__EXERCISE REQUIREMENTS__: Within the listing below, please copy exactly the lines between the line holding "New Chinese Style" and the line holding "Hands adorned in", inclusive.

__DATASET CONTENT__:
- Opening Delimiter -

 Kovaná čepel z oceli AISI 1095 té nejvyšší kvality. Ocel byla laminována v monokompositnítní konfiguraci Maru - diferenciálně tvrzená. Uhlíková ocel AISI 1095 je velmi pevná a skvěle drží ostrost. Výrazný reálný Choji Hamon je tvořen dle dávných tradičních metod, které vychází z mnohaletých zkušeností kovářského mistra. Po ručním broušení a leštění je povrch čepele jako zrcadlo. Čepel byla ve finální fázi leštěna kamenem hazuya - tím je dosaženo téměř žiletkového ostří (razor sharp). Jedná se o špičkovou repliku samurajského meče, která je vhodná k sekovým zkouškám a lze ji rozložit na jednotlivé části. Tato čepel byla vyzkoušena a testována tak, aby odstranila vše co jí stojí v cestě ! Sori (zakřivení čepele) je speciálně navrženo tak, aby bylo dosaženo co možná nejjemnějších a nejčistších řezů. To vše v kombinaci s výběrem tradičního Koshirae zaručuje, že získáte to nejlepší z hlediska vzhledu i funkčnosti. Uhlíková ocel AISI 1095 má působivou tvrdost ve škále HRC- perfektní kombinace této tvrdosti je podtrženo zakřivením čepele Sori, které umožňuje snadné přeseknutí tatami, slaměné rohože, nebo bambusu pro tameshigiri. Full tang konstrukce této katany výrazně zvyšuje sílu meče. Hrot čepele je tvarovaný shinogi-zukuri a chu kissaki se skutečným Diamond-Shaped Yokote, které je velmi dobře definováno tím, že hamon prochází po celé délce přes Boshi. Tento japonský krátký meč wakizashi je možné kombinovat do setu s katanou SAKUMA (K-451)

- Closing Delimiter -
- Opening Delimiter -

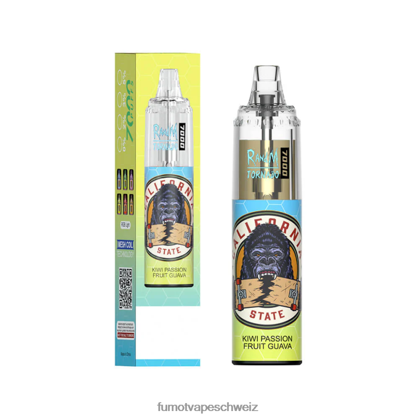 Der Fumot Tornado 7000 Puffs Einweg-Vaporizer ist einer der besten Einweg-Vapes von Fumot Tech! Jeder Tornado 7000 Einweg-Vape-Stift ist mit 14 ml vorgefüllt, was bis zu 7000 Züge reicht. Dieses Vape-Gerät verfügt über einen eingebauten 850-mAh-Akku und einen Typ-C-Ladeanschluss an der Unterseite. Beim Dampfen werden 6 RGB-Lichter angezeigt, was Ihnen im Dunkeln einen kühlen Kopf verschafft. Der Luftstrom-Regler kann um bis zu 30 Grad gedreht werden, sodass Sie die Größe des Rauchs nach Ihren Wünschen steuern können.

- Closing Delimiter -
- Opening Delimiter -

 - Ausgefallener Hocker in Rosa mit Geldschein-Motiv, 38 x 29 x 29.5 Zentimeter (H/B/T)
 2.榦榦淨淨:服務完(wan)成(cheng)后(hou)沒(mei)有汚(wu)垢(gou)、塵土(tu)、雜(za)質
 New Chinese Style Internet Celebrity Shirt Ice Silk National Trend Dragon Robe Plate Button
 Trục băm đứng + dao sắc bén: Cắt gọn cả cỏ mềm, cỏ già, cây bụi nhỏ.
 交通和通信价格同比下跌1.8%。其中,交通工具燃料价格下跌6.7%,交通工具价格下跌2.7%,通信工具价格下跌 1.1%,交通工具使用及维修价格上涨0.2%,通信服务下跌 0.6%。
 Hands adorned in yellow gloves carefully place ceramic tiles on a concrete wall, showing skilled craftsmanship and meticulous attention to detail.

- Closing Delimiter -

__THE ANSWER__:
 New Chinese Style Internet Celebrity Shirt Ice Silk National Trend Dragon Robe Plate Button
 Trục băm đứng + dao sắc bén: Cắt gọn cả cỏ mềm, cỏ già, cây bụi nhỏ.
 交通和通信价格同比下跌1.8%。其中,交通工具燃料价格下跌6.7%,交通工具价格下跌2.7%,通信工具价格下跌 1.1%,交通工具使用及维修价格上涨0.2%,通信服务下跌 0.6%。
 Hands adorned in yellow gloves carefully place ceramic tiles on a concrete wall, showing skilled craftsmanship and meticulous attention to detail.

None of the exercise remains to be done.